Directions for this task. Return the records from the first line through the line containing "改队后ps比较顺利的冲到了1", and leave out the pictures.

(Items listed in a dataset)

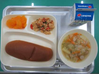 献立:パエリア、ウインナーとキャベツのスープ、みかん(缶)、黒糖パン、牛乳
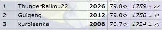改队后ps比较顺利的冲到了1900,菇法交流赛中也顺利取胜。之后更是达到了瞬时2000分。
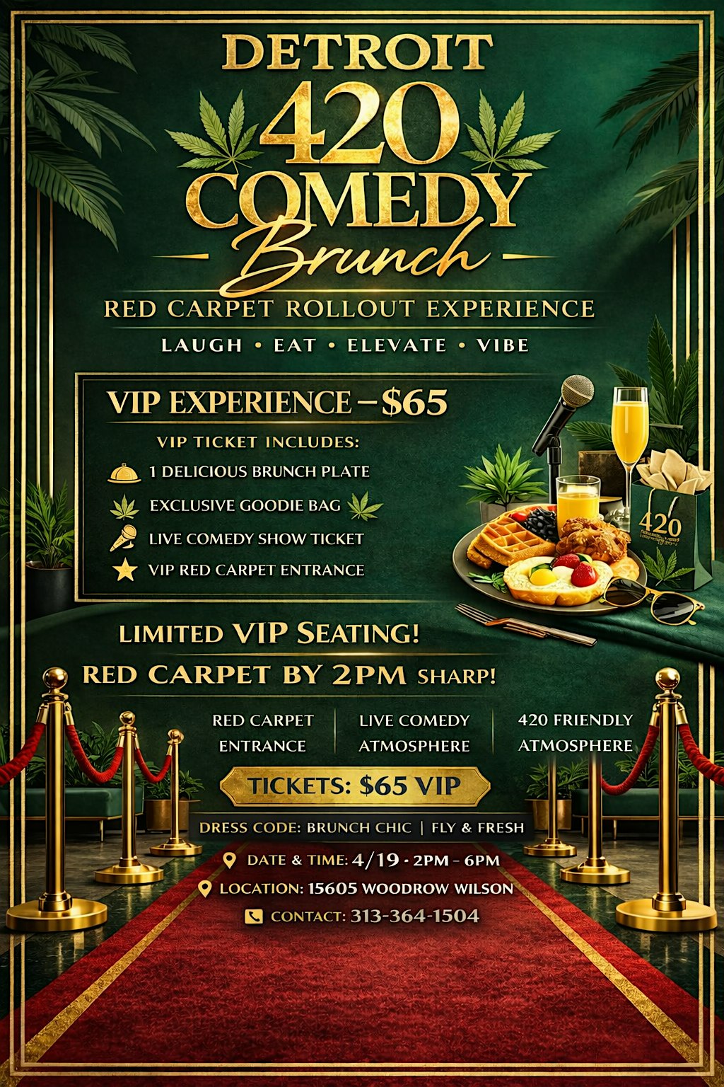 420 COMEDY BRUNCH at 15605 Woodrow Wilson St – Detroit, MI 420 COMEDY BRUNCH at 15605 Woodrow Wilson St – Detroit, MI 3 3 people viewed this event. The last Show! Sold out over 4 years. Thee 420 Comedy Brunch catered by Chef hosted by some of Detroit, finest comedians and vendors Tickets-RSVP Link Register for event Date And Time Sunday, April 19th, 2026 @ 02:00 PM Location 15605 Woodrow Wilson St 15605 Woodrow Wilson Street, Detroit, MI 48238 Event Types Food & DrinkParty or Social Gathering Event Category DetroitMichigan Share With Friends Facebook Twitter Linkedin Xing Pinterest
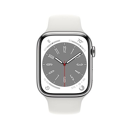 Apple Watch Series 8 GPS + Cellular 45mm Silver Stainless Steel Case with White Sport Band - M/L - $474.99 w/Red Card, $499.99 w/Target Circle
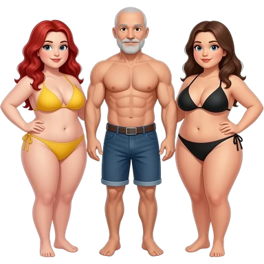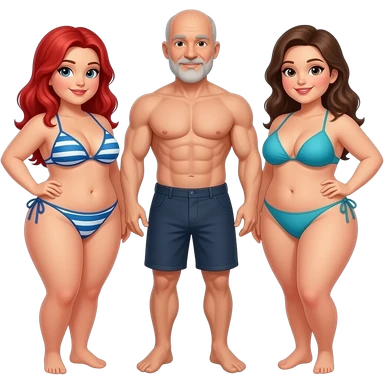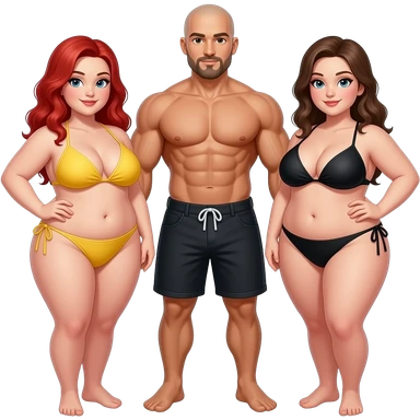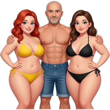 Handsome, bald, muscular man with goatee, age 57, standing between 2 very full figured women in bikinis, redhead with yellow bikini and brunette black bikini with larger breasts emoji
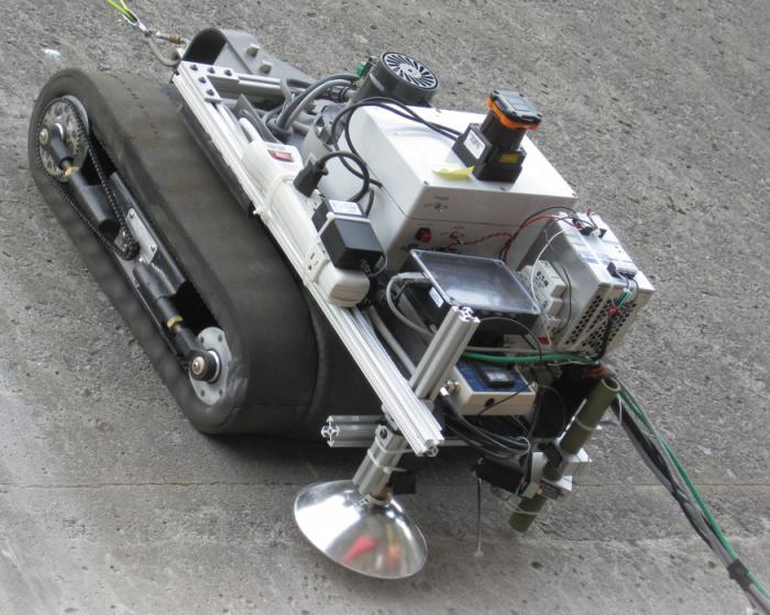 A robotic inspection system, in contrast, would eliminate the need to use scaffolding or rappelling for routine structural evaluations, eliminating the associated setup challenges, time requirements, costs, and safety hazards. Its payload of advanced instrumentation would allow examination of the interior of concrete structures to locate voids, cracks, rebar corrosion, and other internal defects.
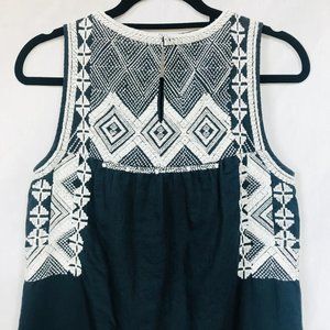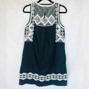 Madewell Onyx (Black) Embroidered Stitchtake Bohemian Style Sleeveless Linen Blend Sheath Dress, Size XS
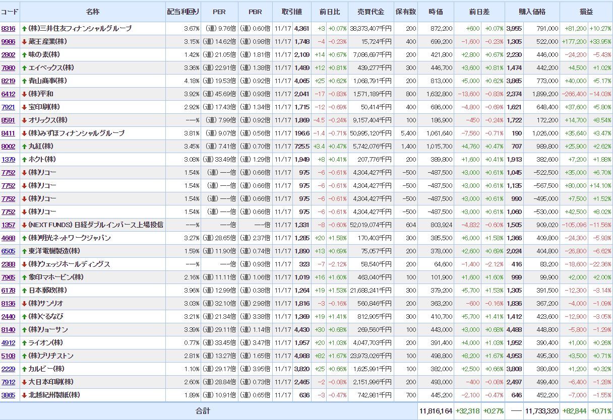 含み益:14銘柄(+2 )
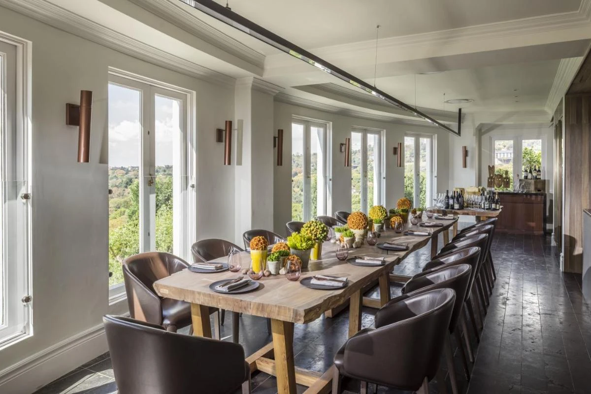 The sophisticated rooms, designed for refined comfort, feature air-conditioning, spacious seating areas, flat-screen satellite televisions, minibars, and iPod docks, with private balconies showcasing endless treetop vistas. Guests can ascend via the glass elevator to Flames, where seasonally inspired South African and international cuisine delights, or visit The Cellar Door for an intimate food and wine pairing experience in a refined dining setting.
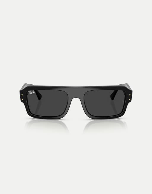 Ray-Ban Lukas rectangle polarised sunglasses with black lens in black
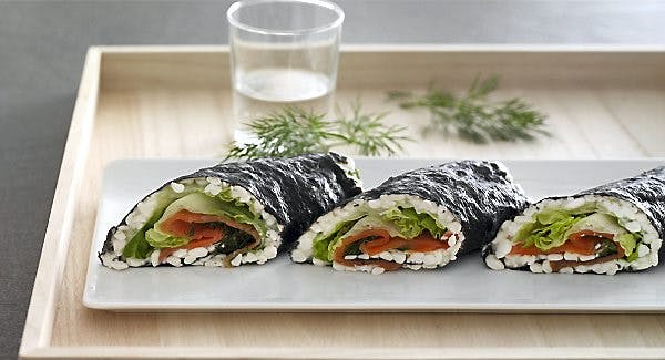Tangrulle med laks og salat tilhører kategorien PG - protein/grøntsager i Dukan-kuren. Retten er beregnet som en frokost til Dukankurens Fase 2 - Vekselfasen.
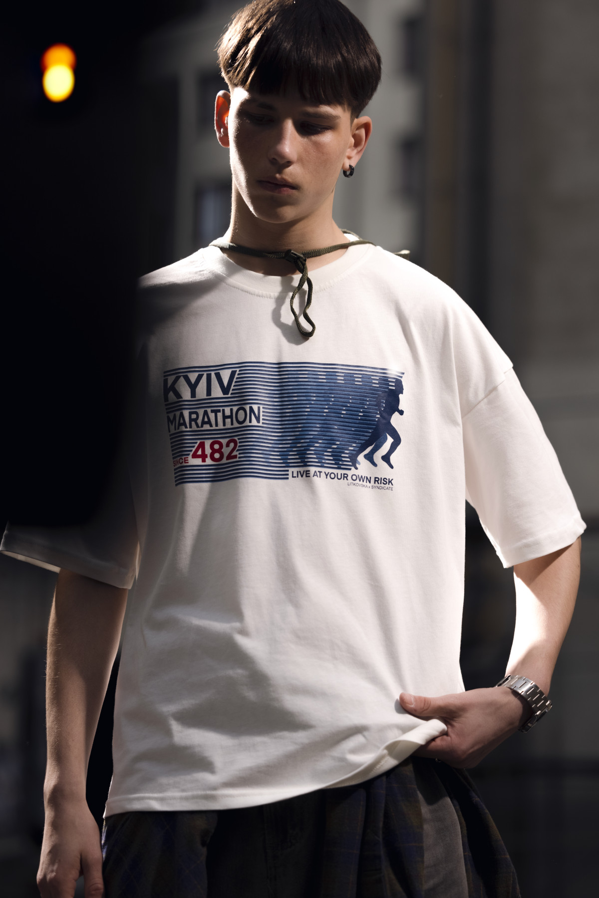 Ця колекція — про вибір лишатися вдома і рухатися вперед, незважаючи ні на що. Три футболки, кожна з яких — окрема історія: Kyiv Marathon, переможний дизайн Кирила Трухіна з натхненням від маршруток і рейв-постерів, а також Kyiv Focus Group. Число 482 на футболках — символ коду міста і року його заснування, нагадування про глибокі корені та стійкість Києва.
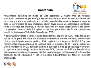 El documento describe cómo la Web 2.0 puede apoyar a los tutores en la enseñanza virtual. Explica herramientas como blogs, Google Docs y Voxopop que permiten la colaboración y discusión. También describe los perfiles de usuario, entornos personales de aprendizaje y cómo estas herramientas pueden mejorar la expresión de los estudiantes y facilitar el aprendizaje independientemente del lugar o momento.
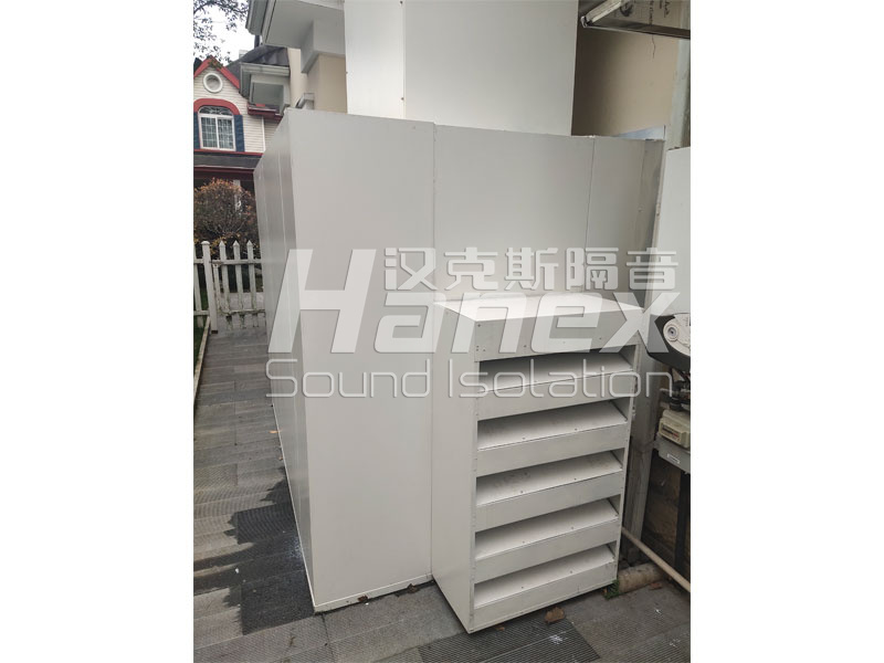 隔聲罩左方安裝設(shè)備檢修門,方便人員進出,右側(cè)安裝一臺通風消聲器,保證設(shè)備通風散熱的正常。頂部安裝一臺排風消聲器。隔聲罩背面靠墻處安裝吸聲層。
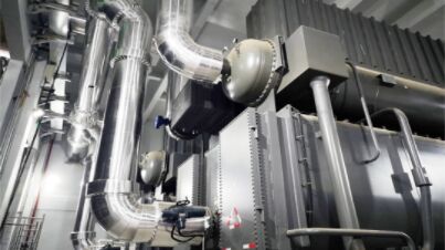 長輸中繼能源站大溫差項目,采用16臺60MW溴化鋰吸收式換熱機組降低零次側熱網(wǎng)回水溫度,熱網(wǎng)回水利用電廠或工業(yè)余熱進行加熱,一個采暖期余熱供熱可實現(xiàn)二氧化碳減排32.75萬噸。
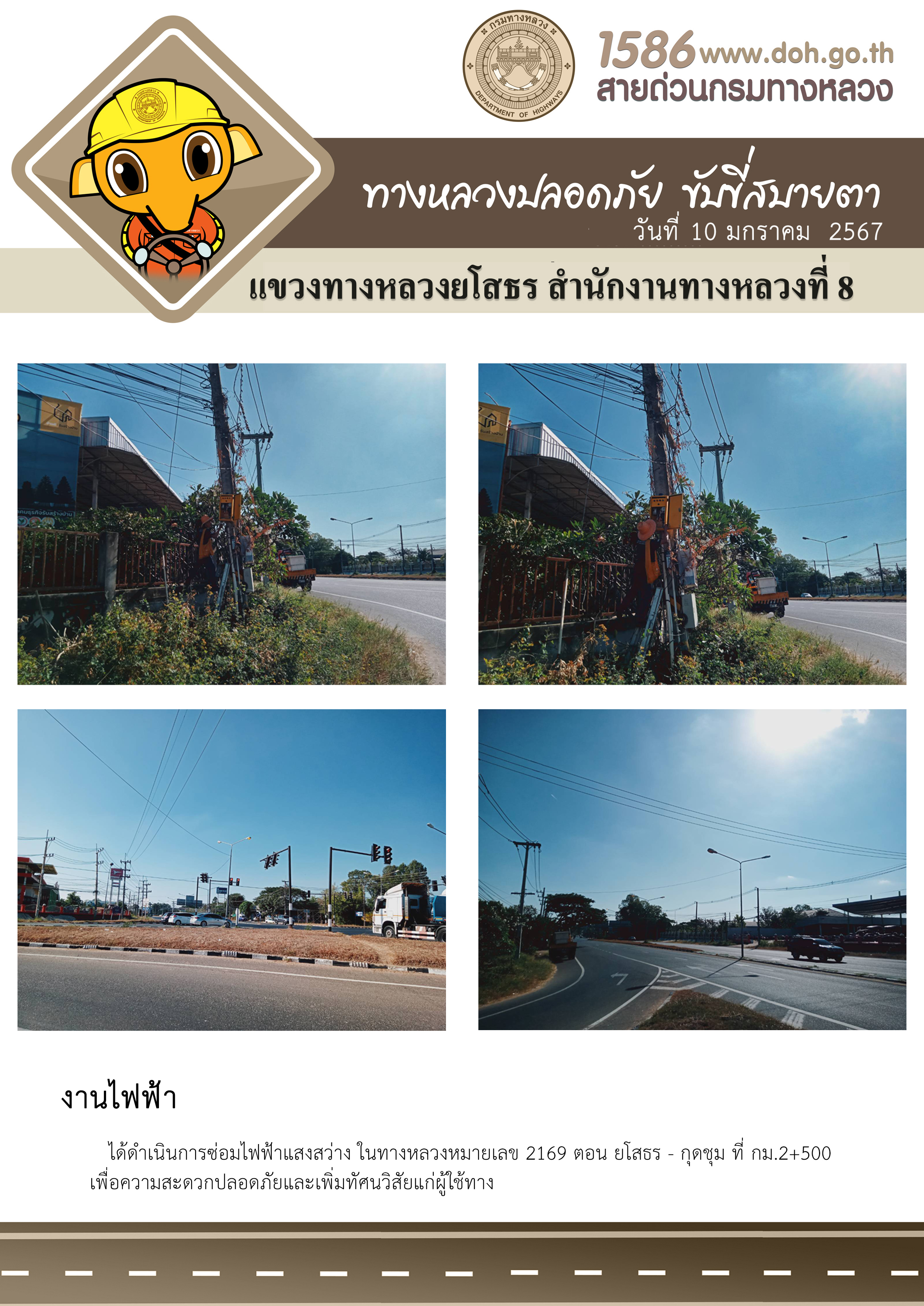 วันที่ 10 มกราคม 2567 งานไฟฟ้า ได้ดำเนินการซ่อมไฟฟ้าแสงสว่าง ในทางหลวงหมายเลข 2169 ตอน ยโสธร - กุดชุม ที่ กม.2+500 เพื่อความสะดวกปลอดภัยและเพิ่มทัศนวิสัยแก่ผู้ใช้ทาง
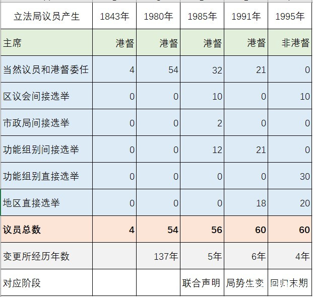 表:立法局議員產生辦法的變化
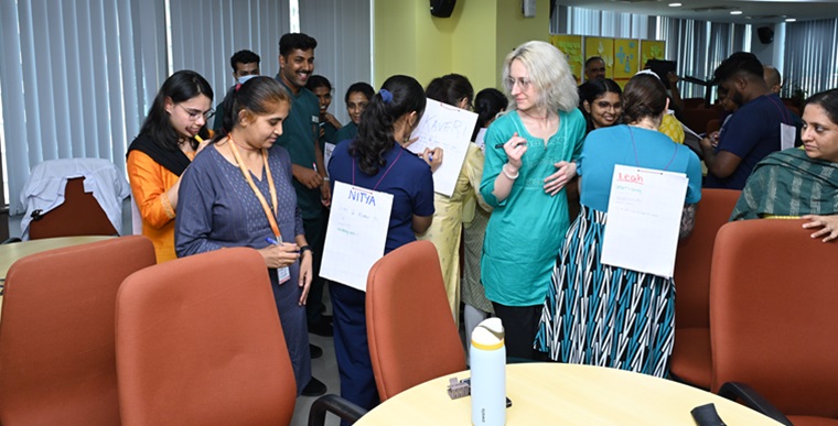MAHE FAIMER International Institute, in collaboration with MGH Health Profession Education, Boston, Manipal College of Nursing, and CCEID, jointly organized effective interprofessional team building for quality teaching and practice. Faculty and students from Medicine, Dental, Nursing, Pharmacy Practice, Pathology, Allied, Reproductive Science, Commerce, Microbiology, Basic Medical Science, and MGH Boston students actively took part in the team-building activities. Learning with fun-filled activities made the interprofessional teams engage effectively. The workshop was inaugurated by Dr Judith A Noronha, Dean MCON, Professor Elissa Ladd, and Dr Kaveri M Roy MGH Boston graced the occasion with glimpses of effective interprofessional dreams coming true. Dynamic group activities were initiated by Dr. Elsa Sanatombi Devi, Director, MAHE FAIMER Institute; Dr. Ramprasad, Professor and Head of Public Dentistry, MCODS Manipal; and Dr. Sushmitha R. Karkada, Assistant Professor, MCON, MAHE, Manipal, who actively engaged in effective interprofessional team building.
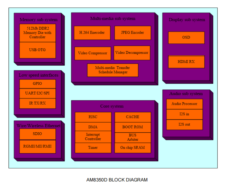 AM8350D還集成了1個USB OTG控制器、UART、I2C、SPI等。內(nèi)置512Mb DDR2內(nèi)存芯片
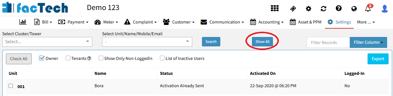 Click on Show All to view all unit/owner records.
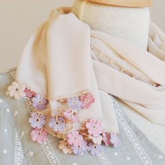 生成り(エクリュ)、淡いピンクと優しいベージュの3色の組み合わせ。
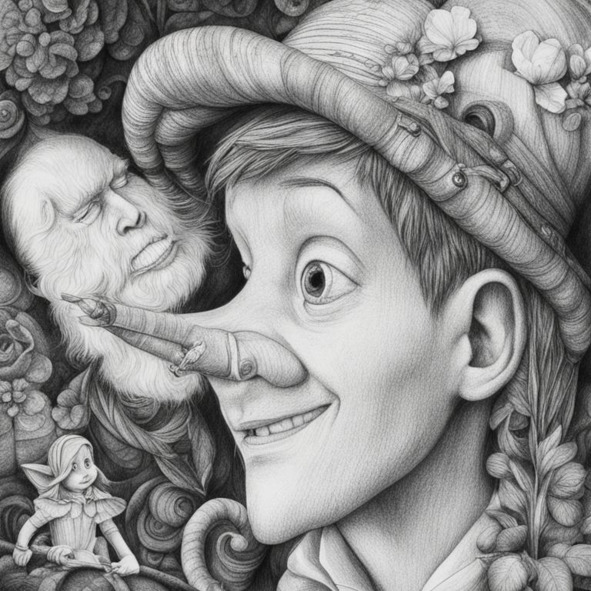 Папа Карло взял полено и начал строгать. Он работал долго и напряжённо. Наконец, закончив, мастер внимательно вгляделся в творение рук своих. Перед ним лежала деревянная кукла – симпатичный мальчуган с длинным острым носом. Внезапно кукла подняла голову и подмигнула ему.
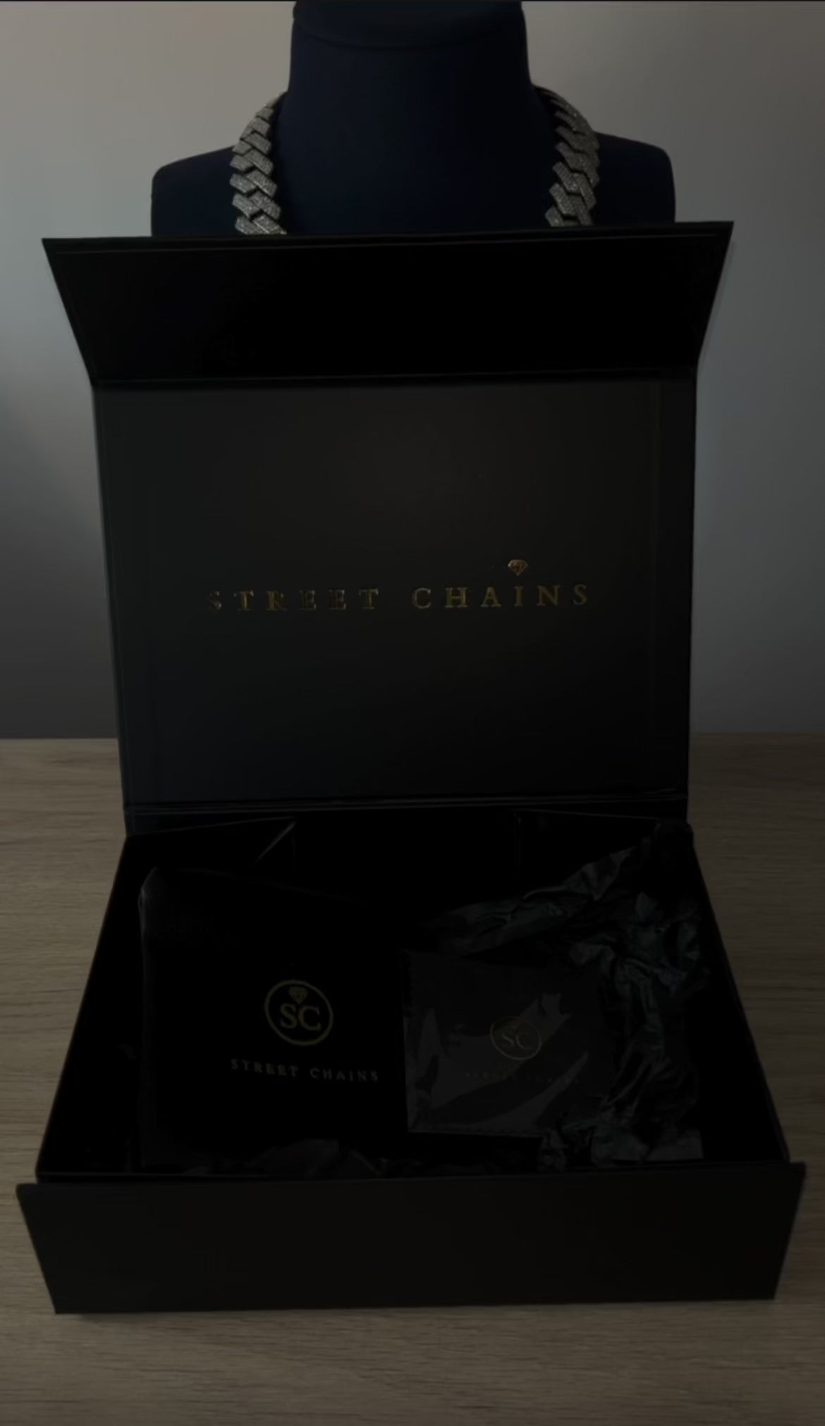 Presentación premium: Packaging Street Chains con tarjeta de garantía y certificado de autenticidad

Exercise response.
 献立:パエリア、ウインナーとキャベツのスープ、みかん(缶)、黒糖パン、牛乳
改队后ps比较顺利的冲到了1900,菇法交流赛中也顺利取胜。之后更是达到了瞬时2000分。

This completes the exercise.